### Supplied information

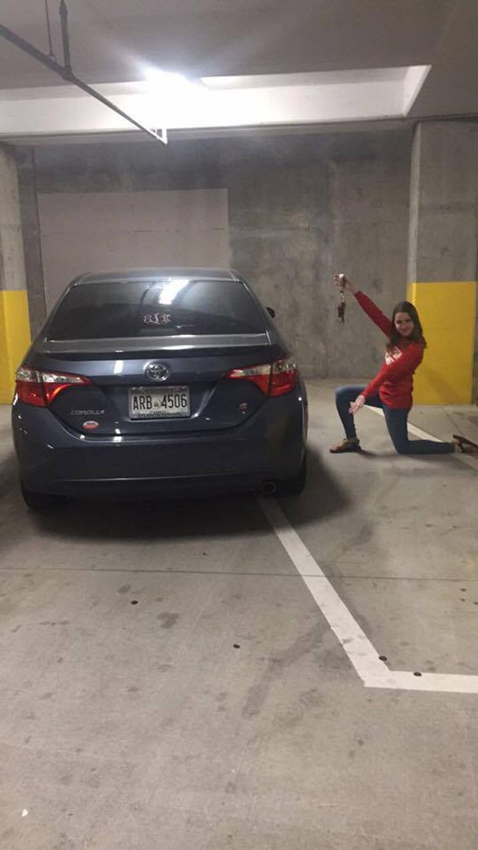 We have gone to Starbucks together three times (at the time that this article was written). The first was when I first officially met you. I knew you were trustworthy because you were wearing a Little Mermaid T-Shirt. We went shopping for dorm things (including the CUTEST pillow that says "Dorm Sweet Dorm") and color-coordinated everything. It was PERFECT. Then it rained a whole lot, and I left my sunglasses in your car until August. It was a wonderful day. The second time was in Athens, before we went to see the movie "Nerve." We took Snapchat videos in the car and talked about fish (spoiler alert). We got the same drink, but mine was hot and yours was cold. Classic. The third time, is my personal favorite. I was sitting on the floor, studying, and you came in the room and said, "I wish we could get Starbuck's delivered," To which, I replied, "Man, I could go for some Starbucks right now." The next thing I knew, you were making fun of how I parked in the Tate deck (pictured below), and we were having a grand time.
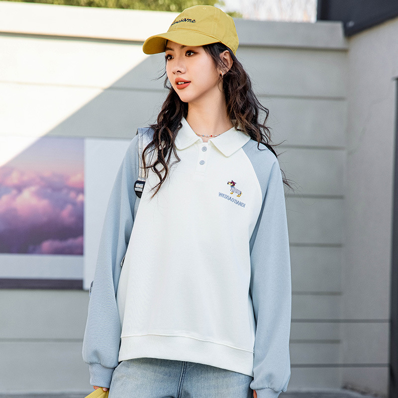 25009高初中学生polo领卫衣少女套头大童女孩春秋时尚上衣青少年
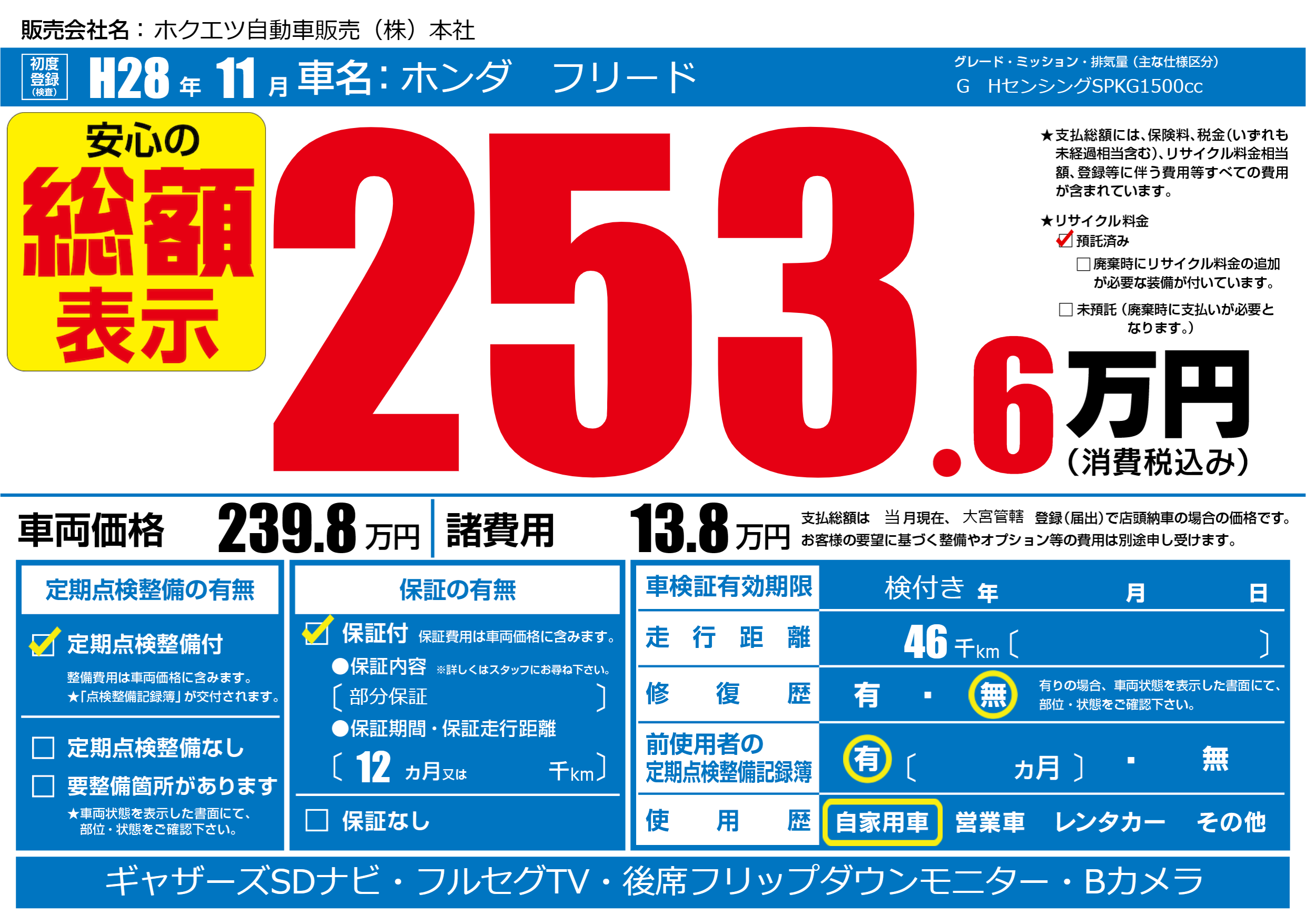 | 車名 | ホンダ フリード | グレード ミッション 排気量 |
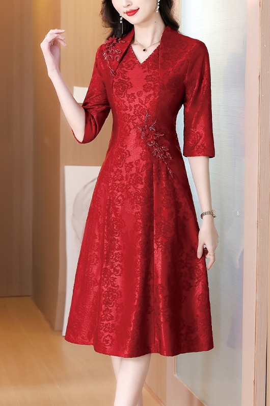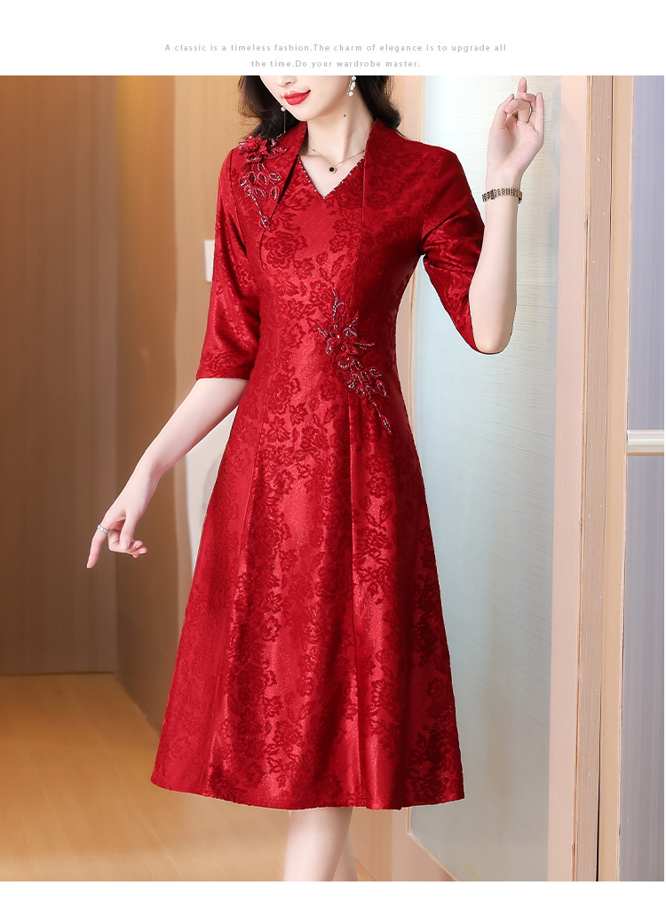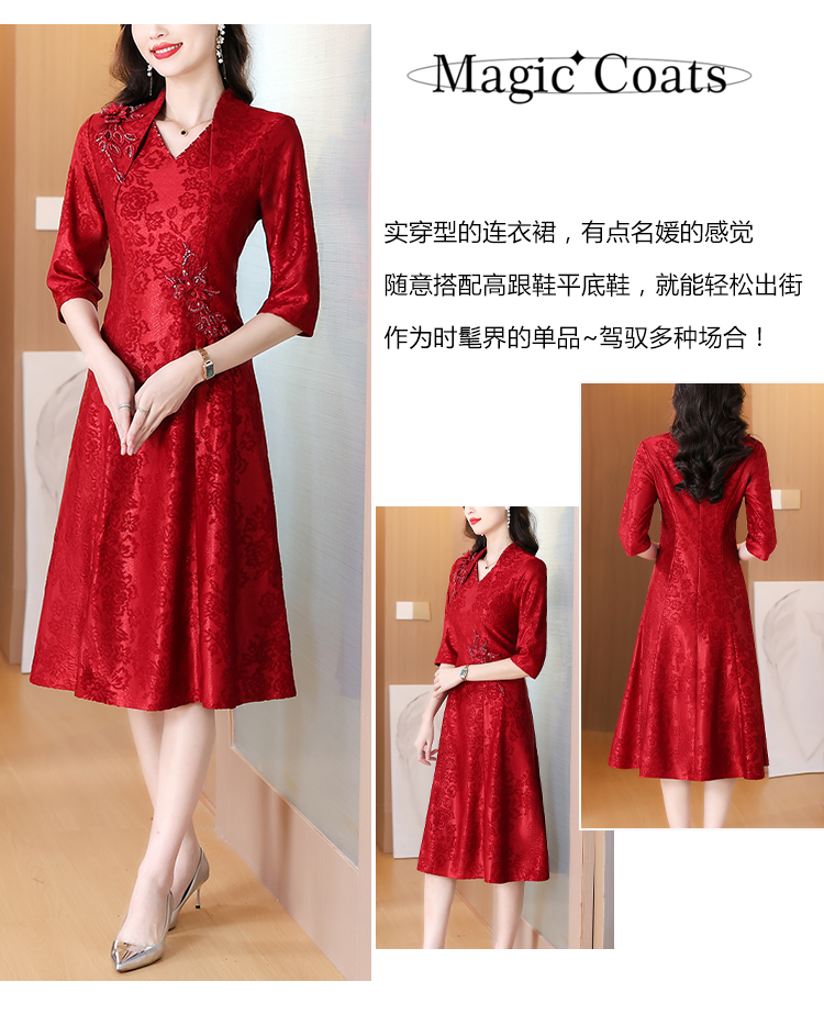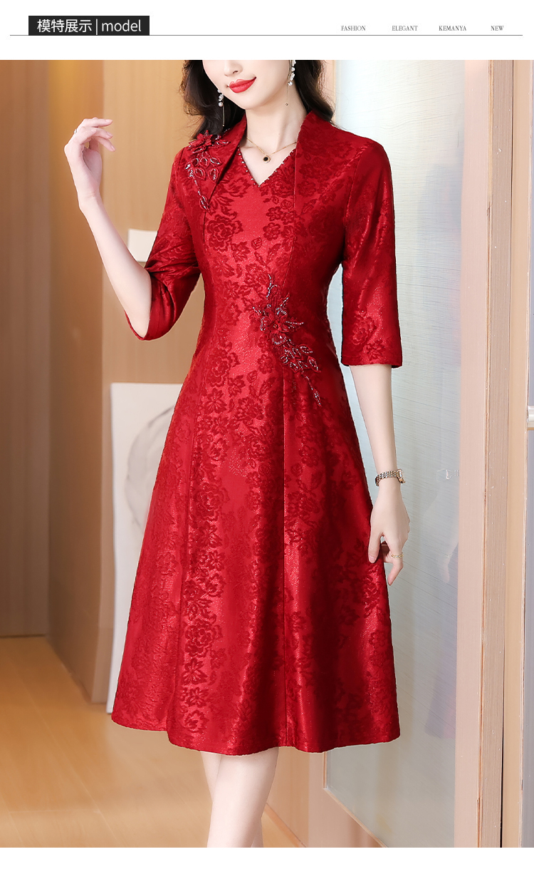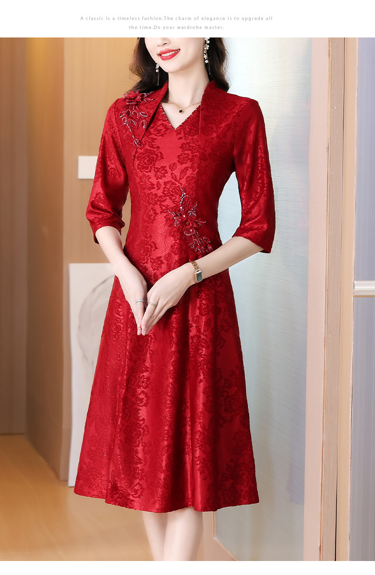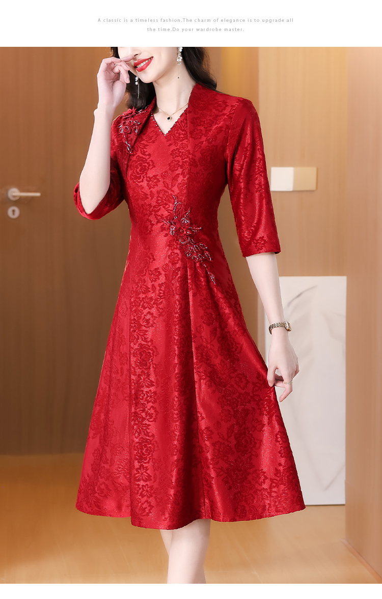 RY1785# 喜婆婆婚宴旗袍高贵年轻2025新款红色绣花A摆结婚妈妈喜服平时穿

### Problem to solve
A verbatim retyping of the listing, without any pictures, is the expected answer.

### Your solution
 We have gone to Starbucks together three times (at the time that this article was written). The first was when I first officially met you. I knew you were trustworthy because you were wearing a Little Mermaid T-Shirt. We went shopping for dorm things (including the CUTEST pillow that says "Dorm Sweet Dorm") and color-coordinated everything. It was PERFECT. Then it rained a whole lot, and I left my sunglasses in your car until August. It was a wonderful day. The second time was in Athens, before we went to see the movie "Nerve." We took Snapchat videos in the car and talked about fish (spoiler alert). We got the same drink, but mine was hot and yours was cold. Classic. The third time, is my personal favorite. I was sitting on the floor, studying, and you came in the room and said, "I wish we could get Starbuck's delivered," To which, I replied, "Man, I could go for some Starbucks right now." The next thing I knew, you were making fun of how I parked in the Tate deck (pictured below), and we were having a grand time.
 25009高初中学生polo领卫衣少女套头大童女孩春秋时尚上衣青少年
 | 車名 | ホンダ フリード | グレード ミッション 排気量 |
 RY1785# 喜婆婆婚宴旗袍高贵年轻2025新款红色绣花A摆结婚妈妈喜服平时穿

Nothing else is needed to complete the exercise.